If the elderly person is embedded in a welcoming and walkable neighbourhood, enough social interaction might be initiated to stave off loneliness.

What about people ageing in car-dependent dormitory suburbs? What about neighbourhoods that aren’t designed for people to walk, that are too sprawled out, that lack public meeting spaces, that are simply too hot to frequent in summer (think of the urban heat islands of Western Sydney), that have insufficient public transport links?

We can’t simply hope that the 85-plus cohort of tomorrow will simply stay connected to friends and family via the metaverse or whatever digital technology will be on offer. That’s too simplistic. People need real-life interactions on a regular basis to stay mentally active, healthy, and happy. This means we need to adjust our built environment.

Our sprawled-out cities, our car-dependent residential neighbourhoods all but guarantee loneliness. We need to learn from Mediterranean cities and create walkable suburbs – and throw in a few small urban squares while we’re at it.

Such walkable communities not only minimise loneliness in old age but keep people active for longer. This promotes good health and drives down healthcare costs.

Granted, it’s very hard to retrofit existing suburbs, but our new suburbs (and the local government areas they are built in) have no excuses for poor planning decisions.

Thankfully, the strategic plans of our biggest cities now all promote the concept of the 20-minute-city, where all essential functions of life can be reached from anywhere in the city in less than 20 minutes.

Health care overhaul

We are already committing 15 per cent of our workforce to health care and social assistance. Four decades ago, that was only 8 per cent.

Our current population of 25.4 million people (just over half a million of whom are aged over 85) gets serviced by two million healthcare workers. By all accounts these workers are overworked, and we would need an even higher number of workers in the sector already.

We must overhaul the aged care sector and the entire healthcare system to make them attractive places to work. Burn out, odd hours, overwork are all too common. The recent reports about aged care workers leaving the sector because of poor work conditions might be a dark foreshadowing of what lies ahead.

Automation

In an environment of all but universal skills shortages, aged-care workers will simply switch industries once their working conditions become too undesirable. With every worker that leaves the industry, work conditions for the remaining workers worsen, further increasing the likelihood of more workers leaving the industry.

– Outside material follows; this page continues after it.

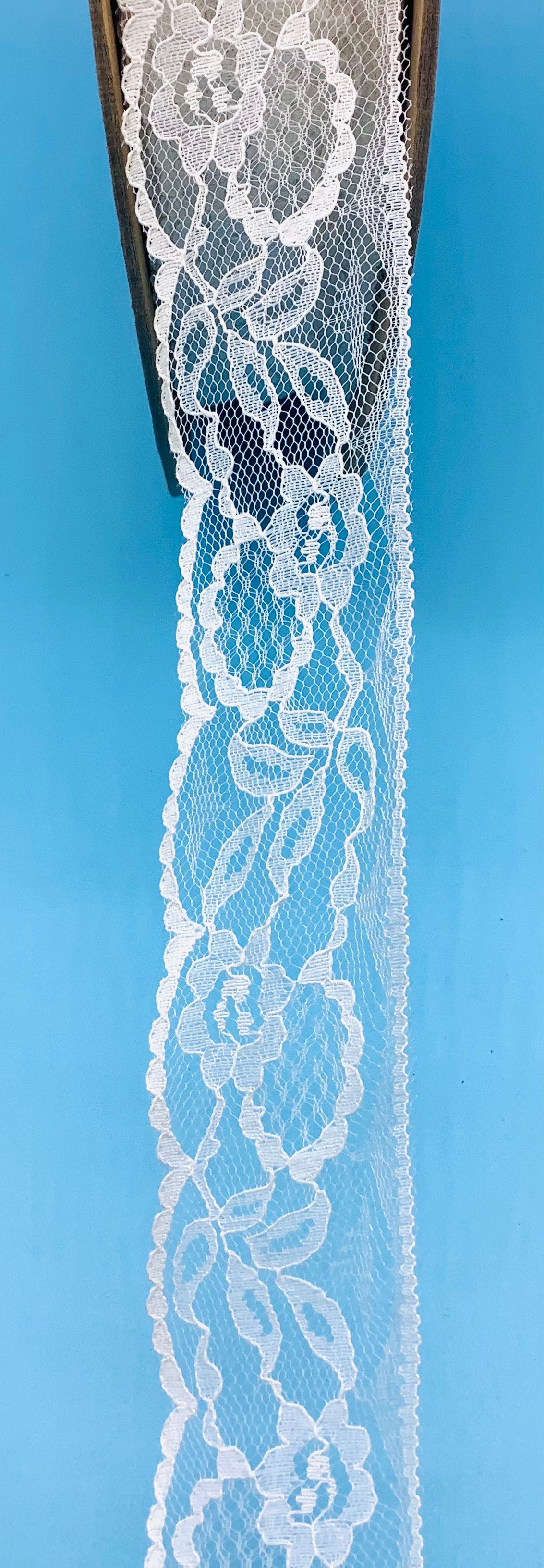 Ivory 5-1/2" Leavers Chantilly Style Galloon Lace with Eyelash Edges - 3 Yards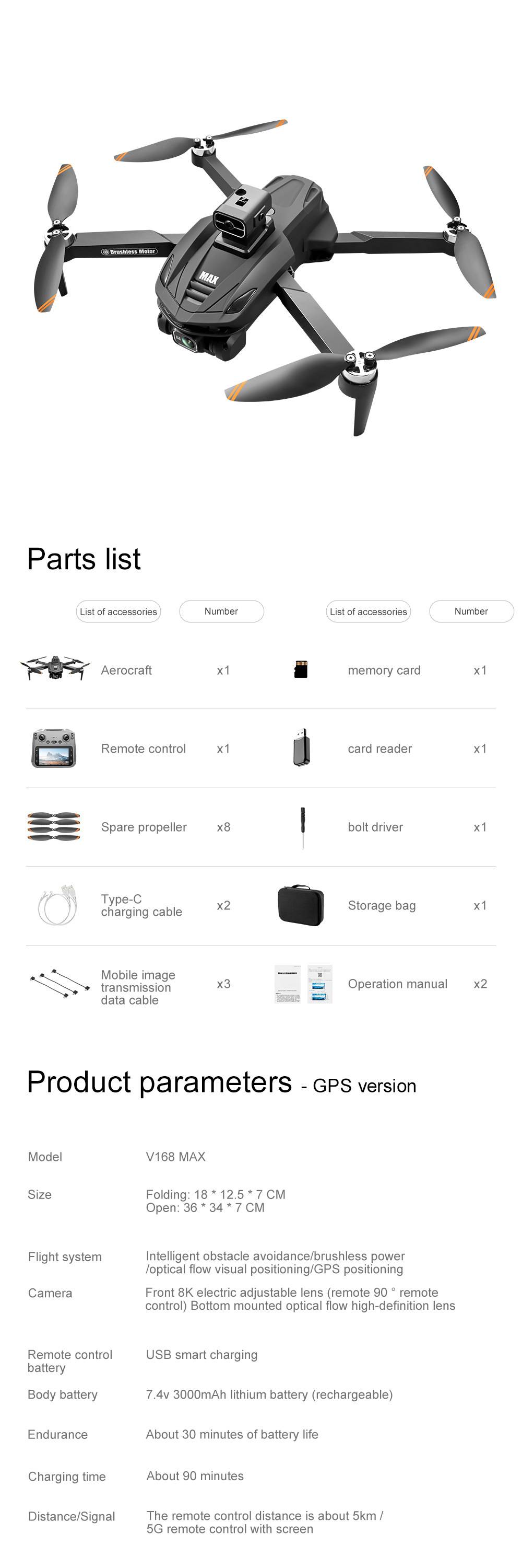 Cross-border v168max drone gps return belt screen camera vehicle folding remotely piloted aircraft f

Such a cycle drives up wages and ultimately puts care services out of reach for the poorest Australians. I cannot emphasise enough how dark such a scenario would be.

In an Australia that needs to grow its health workforce in a time of a universal skills shortage, automation is our friend.

Forget any talk about automation killing jobs. From now on it will be workers that are in short supply, not jobs. Automation across all industries is needed to free up workers to enter the health field.

Who is looking out for the future one million Aussies aged over 85? Who is putting relevant policies in place? Who is even talking about this? We have about 13 years to work that out – really, we don’t have any time at all.

The ageing of the population occurs gradually – one person, one real human, at a time. If we fail to fully shake up and reinvent the way we provide health care and assistance to our oldest Australians, we ensure that hundreds of thousands of people will have a horrible last decade-or-so of their lives.